A one-day conference to explore how the Protestant community in Ireland experienced 1916 and the years that followed.

Date: Sat 21 Nov 2015

Time: 9.30am-4pm

Venue: Renehan Hall (south campus), Maynooth University, Maynooth

Although Irish Protestantism has many historic links with various aspects of Irish Nationalism, by 1916 the nationalist movement had become overwhelmingly, although not exclusively, a Catholic phenomenon.

In the years that followed, Catholicism and the Irish identity became ever more inextricably intertwined. Alternative or other experiences of Irishness and identity have often been overlooked, often inadvertently.

Silenced Stories will explore the experience of the Irish Protestant minorities of 1916 and the years that followed – including elements rarely mentioned in popular narratives about the Rising and its aftermath, including the urban and rural poor and minority denominations within Protestantism.

Silenced Stories invites participants to contemplate the past with a view to building a better, stronger future and to think about the experience of minorities of all kinds in a world that often doesn’t seem to see them.


Thinking Makes It So; The Impact Of 1916 For The Protestant Psyche In Ireland

By: Prof Roddy Cowie

A look at the impact of 1916 for the Protestant psyche in Ireland.
A sense of identity:A knowledge of who one is, where one has come from, and how one is placed in the world.

Individuals need a sense of identity. Communities have similar needs!

Shaped not just by the present, but also by the past.

Found not only within the reaches of oneself but is also negotiated in relationship to others.

The human psyche:

  • How one tends to use personality traits to think about and evaluate what is going on in the world or the immediate environment.
  • How a person thinks, learns, solves problems, remembers or is able to forget.
  • Not just a collection of problem solving or analytical mechanisms within an individual. It includes their motives and desires – the things they aspire to, desire, fear and believe are necessary for life.

Prof Roddy Cowie is Emeritus Professor of Psychology at Queen’s University. One of his areas of expertise has been in the area of emotion, particularly the low-level emotion that colours most of everyday life. He has worked on techniques for measuring it and describing it, aimed at charting its ebbs and flows. He has also explored its impact in peacemaking.

Sean O’Casey And The Unfinished Revolution

By: Dr Ben Levitas

A look at the emerging modern Ireland and its place in the world, particularly through the eyes of playwright Sean O’Casey.

Few accounts of the Irish revolution remain as influential as Sean O’Casey’s ‘Dublin Trilogy’. As we approach 2016, The Plough and the Stars still has the capacity to surprise and provoke.

O’Casey’s confrontation of the limits of the Irish revolution, of social change – and of his own form of drama and identity as an Irish writer – are examined as an emerging critique of modern Ireland and its place in the world.

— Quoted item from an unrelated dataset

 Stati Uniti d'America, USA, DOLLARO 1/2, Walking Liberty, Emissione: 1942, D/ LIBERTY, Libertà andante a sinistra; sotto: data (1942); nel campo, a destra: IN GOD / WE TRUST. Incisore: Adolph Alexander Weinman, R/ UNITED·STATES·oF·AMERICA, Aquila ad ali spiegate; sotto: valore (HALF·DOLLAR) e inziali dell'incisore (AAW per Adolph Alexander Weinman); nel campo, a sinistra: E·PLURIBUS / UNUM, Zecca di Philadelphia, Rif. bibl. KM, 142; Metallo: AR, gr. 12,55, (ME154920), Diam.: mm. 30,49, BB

Dr Ben Levitas is a Senior Lecturer at Goldsmith’s University in London. He specialises in an interdisciplinary approach to theatre, in particular integrating theatre history with cultural and political history; an approach that is informed by a broad training. Together with Dr Ian McBride of Kings College and Professor Clair Wills of Queen Mary College, he runs the interdisciplinary London Irish Studies Seminar.

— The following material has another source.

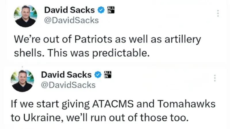 Из-за событий на Украине и постоянной военной помощи киевскому режиму в столь масштабном конфликте, сами Соединенные Штаты Америки начали испытывать проблемы с вооружением и боеприпасами. Об этом ранее сообщали многие американские политики и военные эксперты. Теперь пост на эту тему опубликовал бизнесмен и инвестор Дэвид Сакс.

The Protestant Experience Of Revolution In North Connaught
By: Dr
Miriam Moffitt

A look at how political upheavals that occurred in Ireland in the early decades of the last century impacted on all segments of society.

  • The violence and subsequent political upheavals that occurred in Ireland in the early decades of the last century impacted on all segments of society. In estimating the impact of these events on the Protestant population of Ireland, historians have largely focussed on the fortunes and misfortunes of persons of considerable wealth and influence. The stories of persons lacking in wealth or influence have rarely been publicly told.
  • This session will outline how Protestants of more modest means fared during these turbulent years. It will look at how tensions and accommodations created by the intersection of religion, politics and identity were played out at local level.

    Dr Moffitt Dr Moffitt teaches Church History in St Patrick’s College Maynooth and St Patrick’s College Thurles. Her work focuses on the history of religion in Ireland, particularly the issue of how conceptions of identity and ethnicity have been influenced by the manner in which the religious history of Ireland has been written and interpreted.

    Her publications include Soupers and Jumpers, the Protestant Missions in Connemara, 1848-1937 and Clanricarde’s Planters and Land Agitation in East Galway, 1886-1916. In conjunction with Professor Alan Ford and Dr Mark Empey, she is co-editing a book on the manner in which the Church of Ireland interpreted and described its past.